PROVIDED ENTRIES
[Start of Attachment]
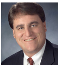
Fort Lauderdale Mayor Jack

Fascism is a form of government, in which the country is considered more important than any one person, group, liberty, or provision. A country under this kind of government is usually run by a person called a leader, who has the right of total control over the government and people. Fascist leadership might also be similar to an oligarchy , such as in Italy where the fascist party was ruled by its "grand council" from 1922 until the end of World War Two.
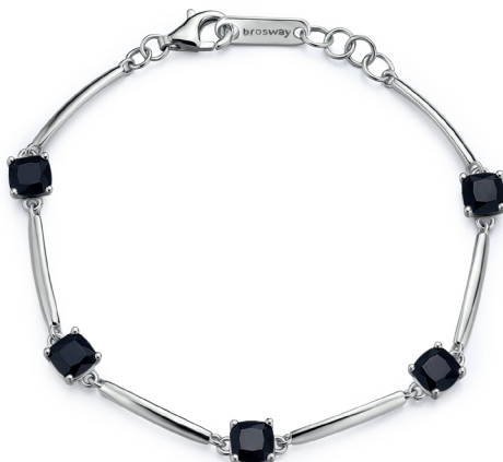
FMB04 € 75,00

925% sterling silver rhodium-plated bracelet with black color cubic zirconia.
[End of Attachment]
[Start of Attachment]
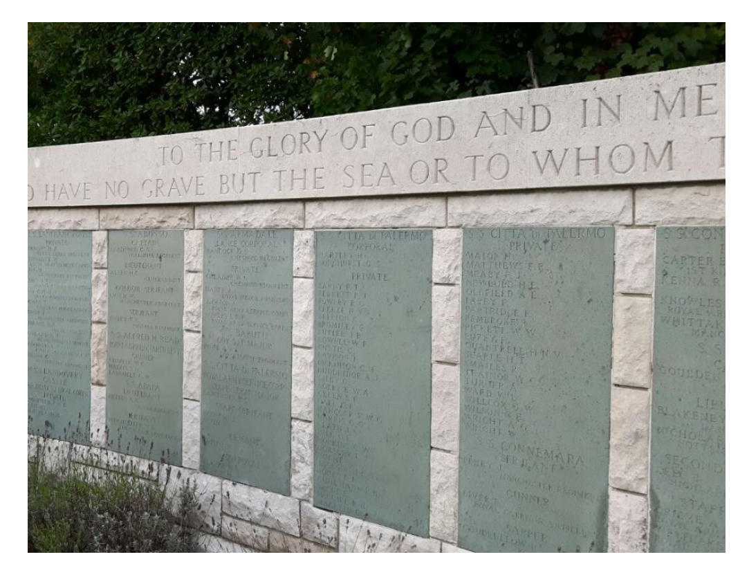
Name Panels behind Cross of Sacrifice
[End of Attachment]
[Start of Attachment]
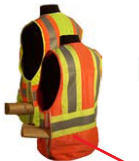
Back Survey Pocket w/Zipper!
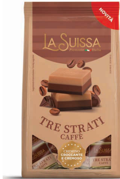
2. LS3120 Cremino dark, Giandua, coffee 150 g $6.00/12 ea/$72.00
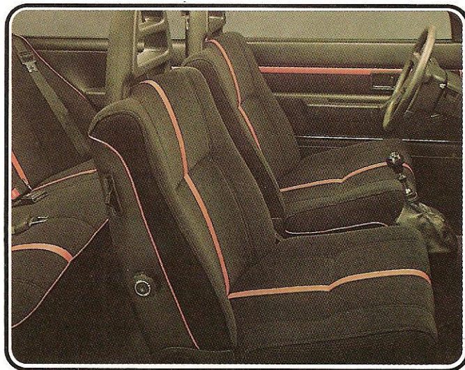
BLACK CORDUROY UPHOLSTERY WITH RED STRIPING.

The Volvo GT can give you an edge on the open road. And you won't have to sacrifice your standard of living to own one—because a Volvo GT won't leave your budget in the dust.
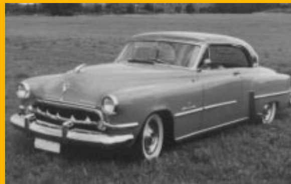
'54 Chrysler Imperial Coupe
[End of Attachment]
HOW TO COMPLETE THIS TASK
What you write out is the stretch of entries from the line containing "Fort Lauderdale Mayor Jack" to the line containing "FMB04 € 75,00", word for word, with both end lines and no pictures.

FINAL ANSWER
Fort Lauderdale Mayor Jack

Fascism is a form of government, in which the country is considered more important than any one person, group, liberty, or provision. A country under this kind of government is usually run by a person called a leader, who has the right of total control over the government and people. Fascist leadership might also be similar to an oligarchy , such as in Italy where the fascist party was ruled by its "grand council" from 1922 until the end of World War Two.
FMB04 € 75,00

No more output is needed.